Equity Market Rally Intact in HY 2021
This week, we at Bourse recap the performance of local and international stock markets at the mid-way point of 2021. With ongoing vaccination deployment, stimulus support in the short to medium term and as economies move towards recovery, stocks have continued their upward march from the lows of 2020. Could the surge of the Delta Variant delay economic recovery? Can positive market sentiment be sustained? We discuss below.

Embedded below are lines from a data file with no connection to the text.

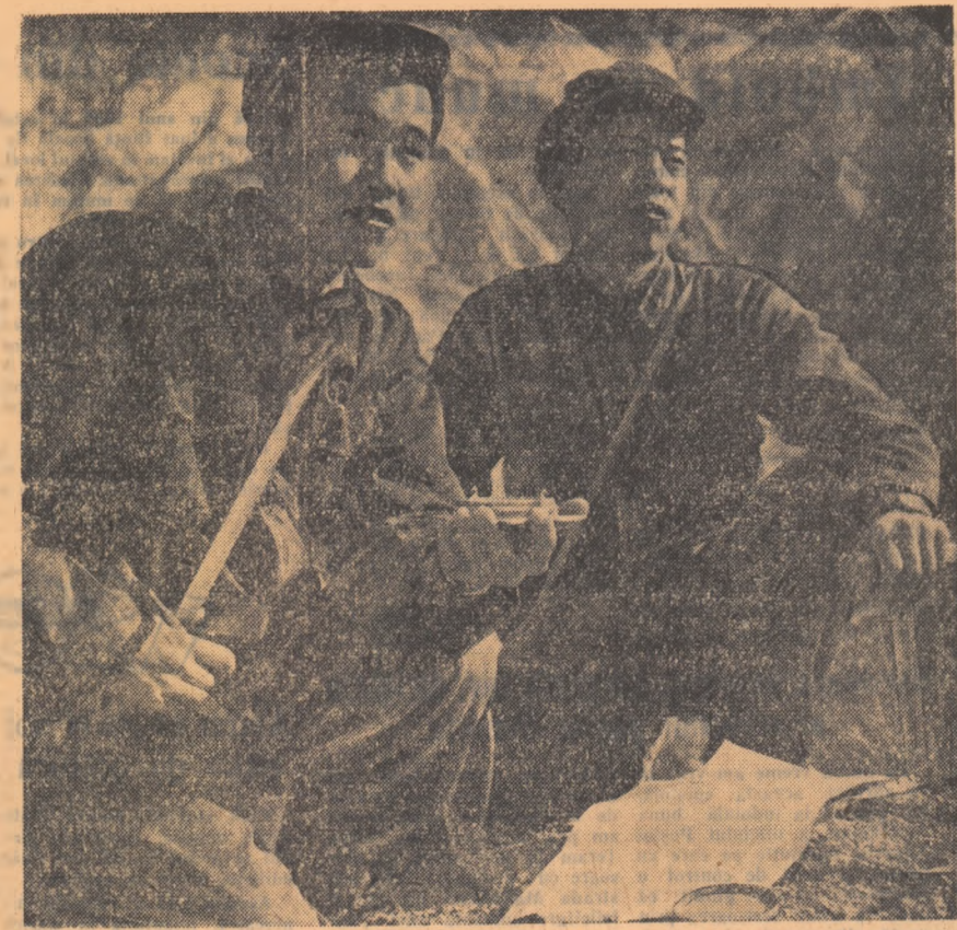
Urșișe sînt bogățiile subpămîntene ale Chinei populare. An de an crește numărul cadrelor de fineri geologi ce-și dăruiesc toate forțele luptei pentru continua înflorire a economiei naționale.

Prof. Louis de Broglie și prof. Jacques Hadamard au exprimat cu acea modestie care constituie caracteristica copleului profesoral al Universităților franceze, mulțumirile lor pentru cinstea ce le-a fost acordată, și au spus patru compatrioți ai lor, „Acest gest, a spus Louis de Broglie, este un drept la inimă. Noi toți cunoaștem vechea prietenie care leagă cele două popoare ale noastre și dorim cu toții ca aceste legături să continue și să se întărească”.
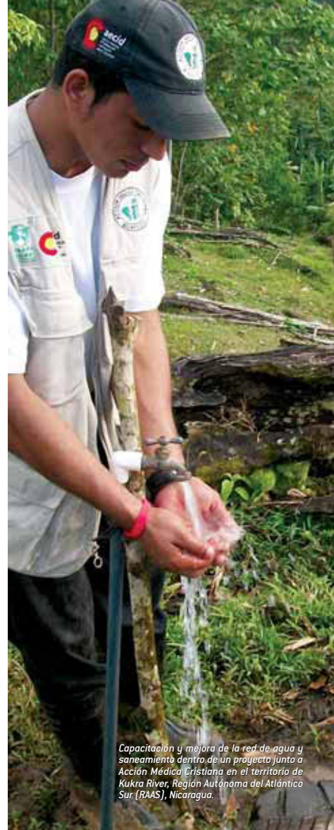
Capacitación y mejora de la red de agua y saneamiento dentro de un proyecto junto a Acción Médica Cristiana en el territorio de Kukra River, Región Autónoma del Atlántico Sur (RAAS), Nicaragua.

Más que nunca, la Educación para el Desarrollo ha de ser una herramienta fundamental para generar una concienciación y cambio social que promueva la solidaridad con los países del Sur, apostar por las alianzas estratégicas con otros actores sociales y, sobre todo, por la innovación en nuevas propuestas que desarrollen productos y servicios de calidad, socialmente útiles y económicamente sostenibles para las personas a las que sirven y las empresas que las apoyen.
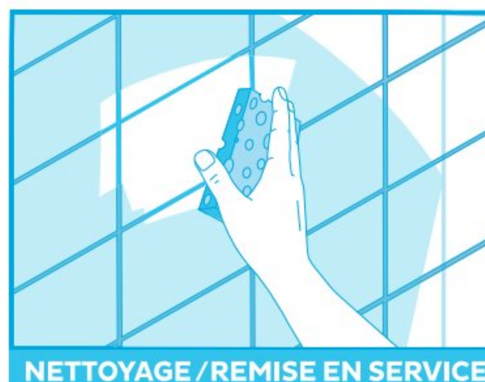
NETTOYAGE / REMISE EN SERVICE

Une fois les carreaux ajustés, retirer les croisillons et l'excès de colle dans les joints. Nettoyer les traces avec une éponge humide.
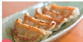
13 とことん餃子の朝日屋
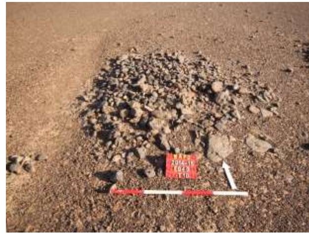
الكوم الخارجي وحفرة الدفن بمقابر (E157) العوضاب المحمية
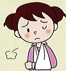
つ よ 強くぶつかられたり、たたかれたり、けられたりする
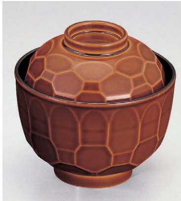
8-279-20 1-8-7 TA真3.2寸亀甲小吸椀 漆調春慶塗 ¥1,700 (9.7φ×9.2) 椀200 190cc
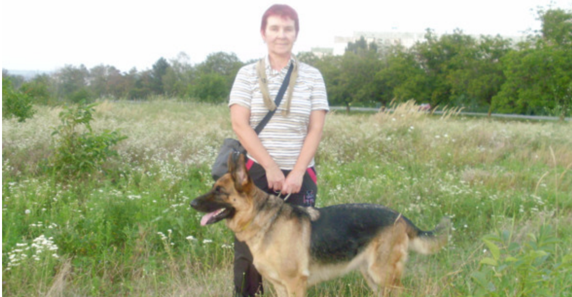
Я с Тигрой на поле

Последний Тигрин год работала и редко гуляла с собакой. Занимался муж, да и она уже не скакала. Мне «стукнуло» 63.

Local Equities Gain Momentum
After experiencing a shift in market sentiment in HY 2020 due to the economy-halting impact of COVID-19, locally listed stocks have embarked on a path towards recovery. The Trinidad and Tobago Composite Index (TTCI) appreciated 6.0%, propelled by a rally in domestic equities at the end of HY 2021, relative to a 10.7% decline in HY 2020. The All Trinidad and Tobago Index (ALL T&T) was relatively more resilient, gaining 9.2% at the end of HY 2021 compared to a 5.3% decline in HY 2020. The Cross Listed Index (CLX) remained relatively range bound, closing off HY 2021 0.3% lower (HY 2020: down 20.5%) influenced by an 11.8% decline in FirstCaribbean International Bank Limited (FCI).
Supported by good earnings growth, Guardian Holdings Limited’s (GHL) 57.9% advance was catalysed in HY 2021 by its entry onto the Jamaican Stock Exchange (JSE) on May 5th 2021. Cross-Listed conglomerate GraceKennedy Limited (GKC) advanced 40.3%, following reported revenue growth and contractions to its net impairment losses within its financial services segment. GKC expanded its insurance portfolio in May 2021 by increasing its stake in Key Insurance Company Limited from 65.0% to 73.6% and announced its intentions to acquire Scotia Insurance Eastern Caribbean Limited. Massy Holdings Limited (MASSY) appreciated 31.1%, invigorated by its pending cross-listing onto the JSE. Rounding out the top 5 gainers were Trinidad Cement Limited (TCL) and First Citizens Bank Limited (FIRST) which increased 30.8% and 16.2%, respectively.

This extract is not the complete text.